This development could have been expected with regards to Brexit, tensions in Chinese-American relations and the declining performance of the German economy. Central banks are supporting growth by lowering rates. However, investors (even in real estate) tend seek long-term stability and security of investments. What can be expected going forward? This is indicated by the half-year forecast of BNP Paribas Real Estate.
Currently, the yields of a large part of government bond stock are in negative territory, and we do not expect it to rise in the short to medium term. The low rate environment is affecting the European real estate market by dragging down property yields to historic lows.
The volume of investment transactions is a key indicator for the real estate market. The first half-year shows a year-on-year decline of around 5% in the 18 EU countries under review.
At the end of the year, we estimate it to be 12% less than in 2017, but only slightly below the five-year average. However, there will be more marked differences between specific countries and cities. French markets will see a strong rise. Prague, Warsaw and Barcelona are attractive to investors seeking new territories with higher yields. On the other hand, Germany and especially Great Britain expect a decline in real estate investments.
Offices remain the most traded asset on the European real estate market. We expect a continuing decline in the availability of office space in most markets. The low level of speculative construction and supply, alongside persisting demand, strengthen investor confidence, and this is also reflected in the compression of yield rates. This year, we continue to expect yield compress in markets with rental growth, which is the majority of Germany and France's largest office markets, as well as the CEE region including Prague. According to the predictions of BNP Paribas Real Estate, office yields should gradually stabilise this year.
Yield compression (due to high investor interest and the 'increase' in prices) can be seen also in the secondary market for buildings with good potential to increase value through active management, releasing or reconstruction.
Logistics real estate should also record yield compression this year, most notably in France by up to 75 bps. The logistics segment profits greatly from the booming e-commerce. The majority of construction is built-to-suit due to the specific requirements of tenants in this sector, and hence the vacancy rate of modern warehouses remains low. Moreover, in some countries the rent will grow due to lack of development land (it is not just specific to the Czech Republic alone). The warehouse and industrial space segment is negatively impacted by the fall in demand for cars, which affects mainly the automotive industry of the export-oriented countries of the CEE region.
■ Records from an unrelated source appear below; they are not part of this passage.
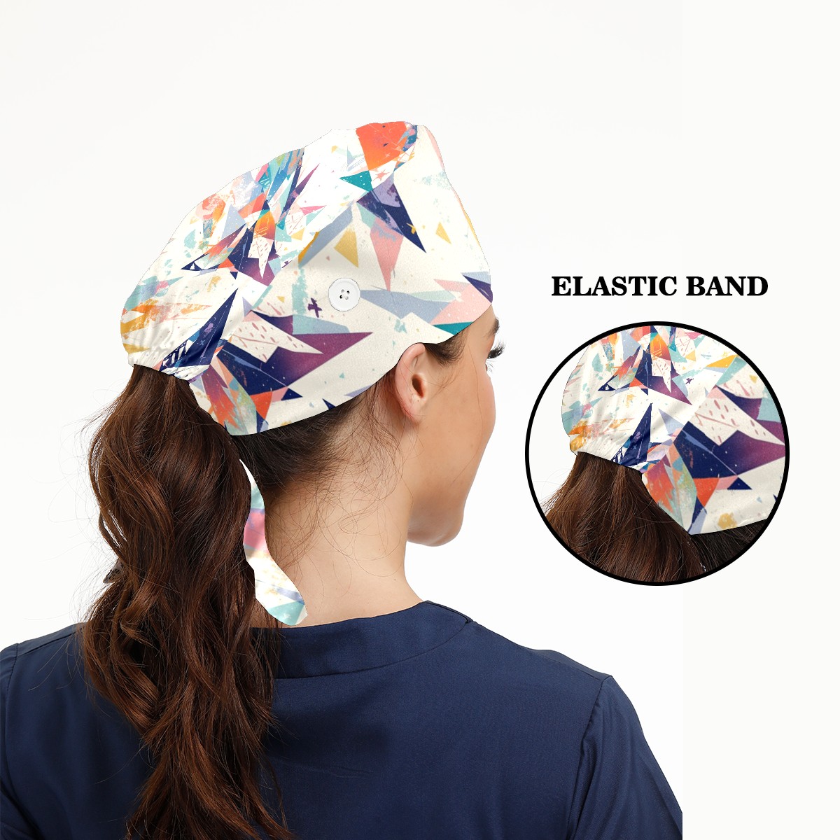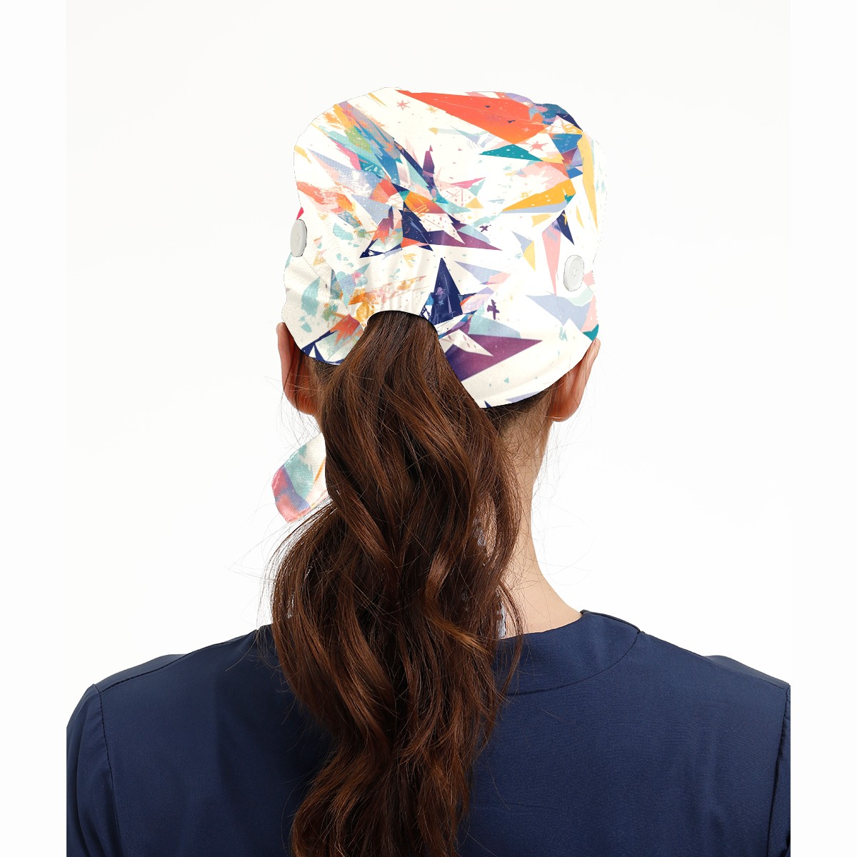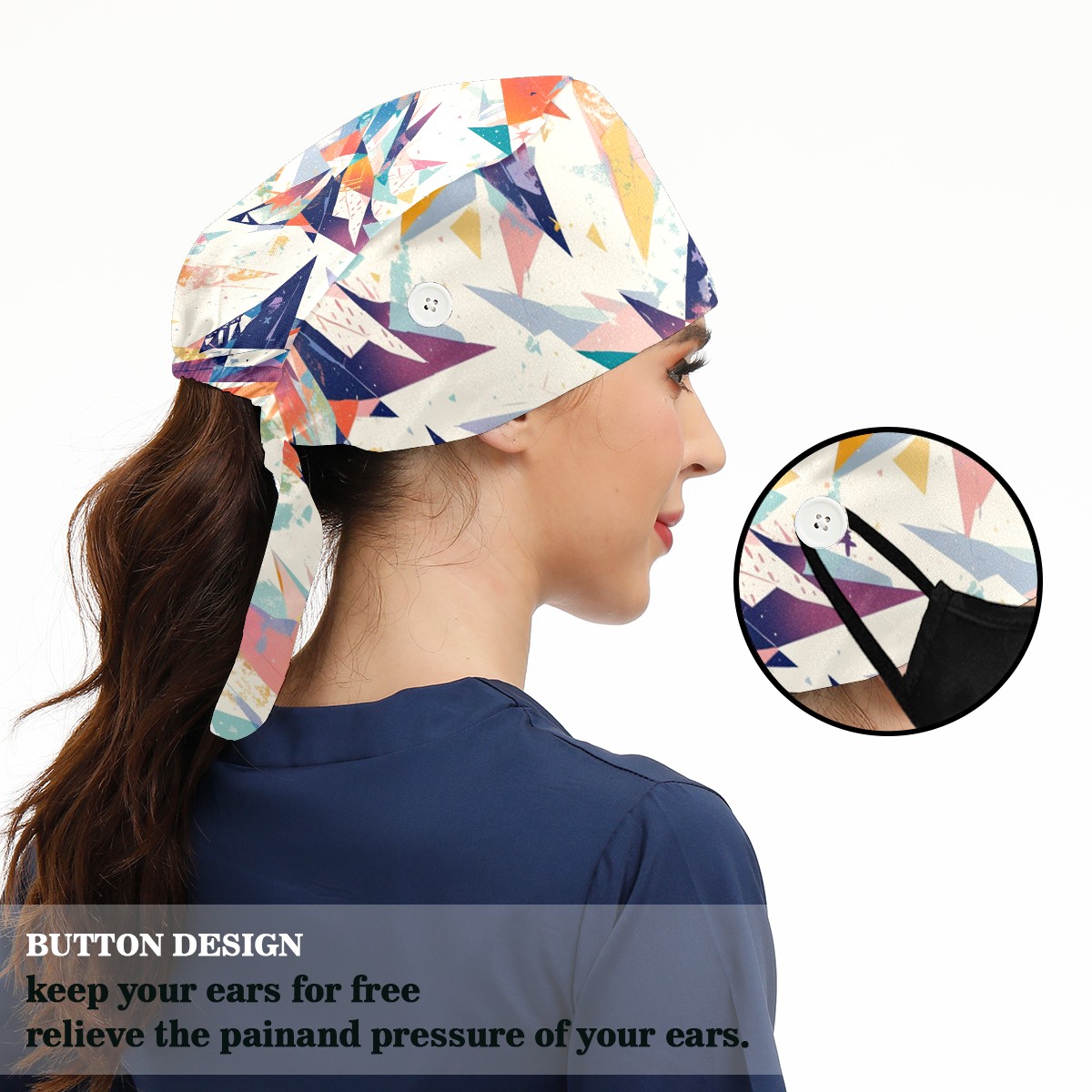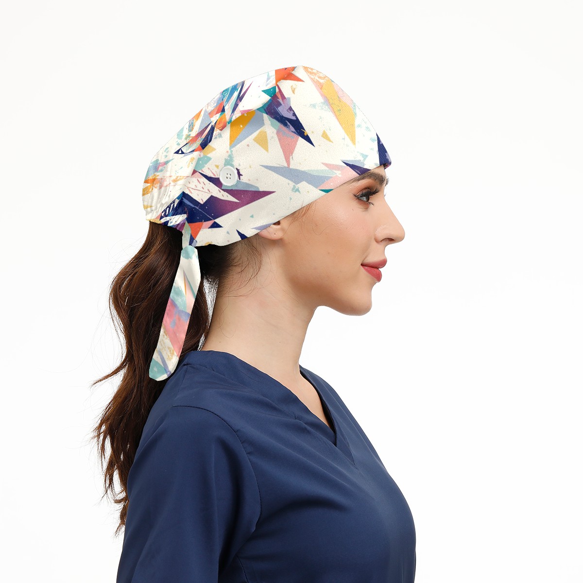 Working Caps with Button & Sweatband Satin Lined Cotton Adjustable Nurse Hats Elastic Band Scrub Cap Surgeon Hat Generate 3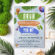 Legal Convite de Aniversário para a Festa de Piscina Branca. Este design apresenta ilustrações vibrantes de aquarela do verão e o texto lúdico "Bruh, natação, comida livre e bebidas, - Você está?". A modelo moderna e divertida é fácil de personalizar com os detalhes do seu próprio partido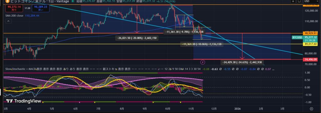 パターンの完成を目指す場合は、画面最安値の74496の赤いサポートラインが到達点予想候補の一つだ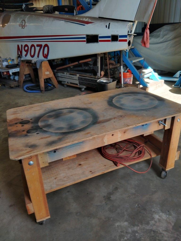 Nice rolling shop work bench Approx 4.5' wide x 3' deep x 2' tall 4 nice caster wheels Solid wood 4x4, 2x4 and plywood construction, with proper hardware. Paid a lot more in materials and labor to build this Located in El Cajon Thanks!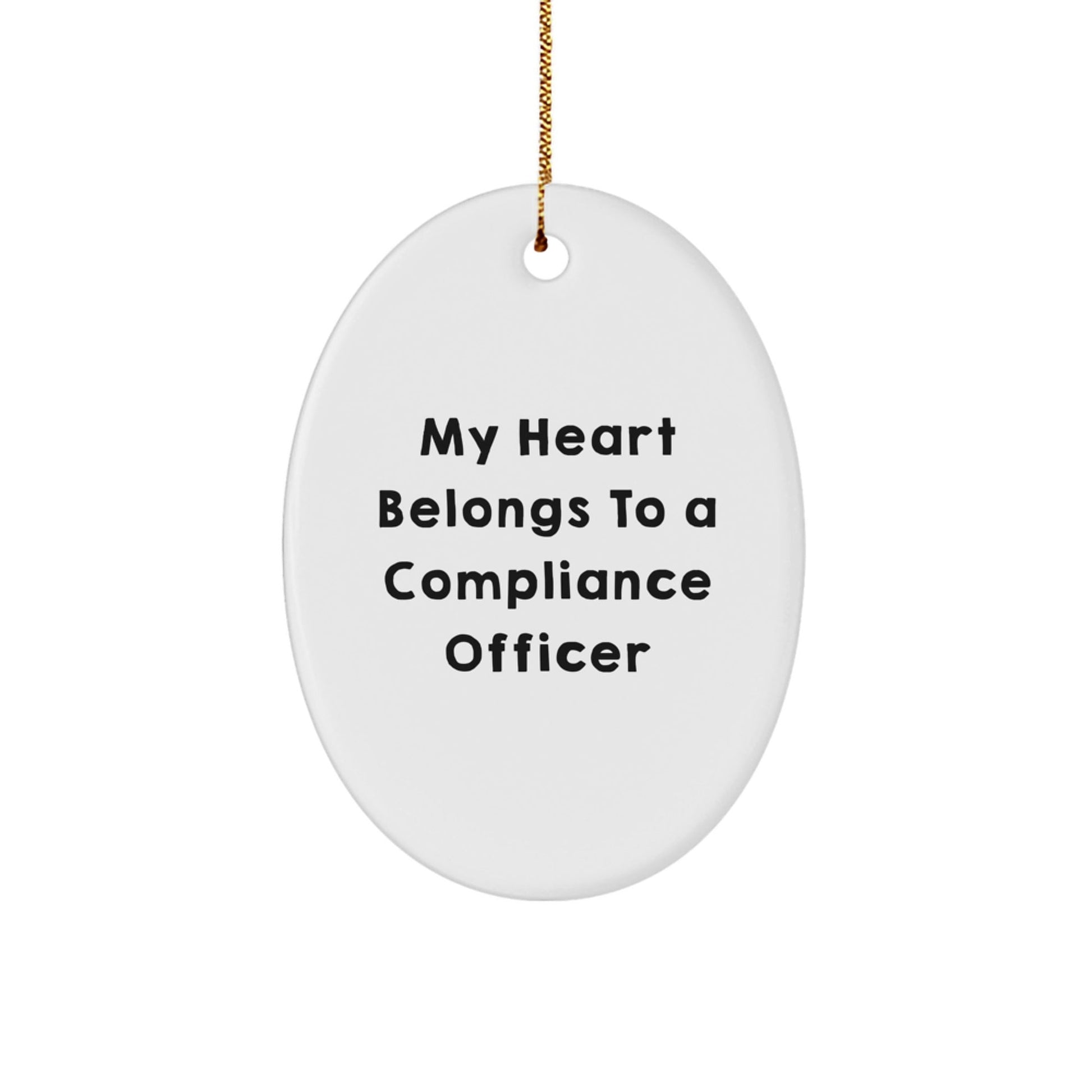Are you looking for a unique gift for a Compliance Officer in your life? Look no further! Our oval ornament is crafted with a funny quote 'My Heart Belongs To A Compliance Officer' that is sure to bring a smile to their face. The vibrant colors and high-gloss finish make it a perfect addition to any office or home decor.

The retail segment is less predictable. High demand remains for premises in brick and mortar stores on prime high streets and top locations. Nevertheless, two factors that may affect the sector in the near future should be mentioned. The first is restrictive measures by some municipalities against excessive tourism. We see it in Barcelona, Berlin and Venice. Fewer tourists mean lower sales and, potentially, lower rental income.
Much more fundamental is the transformation of European consumer behaviour. People moved en masse to e-shops and are increasingly making purchases online. European shopping centres and retail parks cope less well with the changes in this respect than the high street shops. Retail owners and managers aim to introduce new formats improving the shopping experience and strengthening the food & beverage segment, things that can't be purchased on the Internet.
In summary, we see more objective macroeconomic risks stemming from a more explosive international situation. The deceleration of the German economy, which is in danger of falling into recession, is essential for the development of strongly export-oriented countries in the CEE region. Negative impacts are softened by strong domestic demand, which is driving economic growth, not only in the Czech Republic, thanks to low unemployment and increasing wages.
In terms of real estate investment, the main challenge will be how to cope with low yields in a low interest rate environment. In the future, it will no longer be possible to count on a significant yield compression, which means lower capital appreciation, total return will be largely Income driven. Investors will therefore have to work intensively with real estate, increase occupancy and increase rental income to generate and increase value of their investments.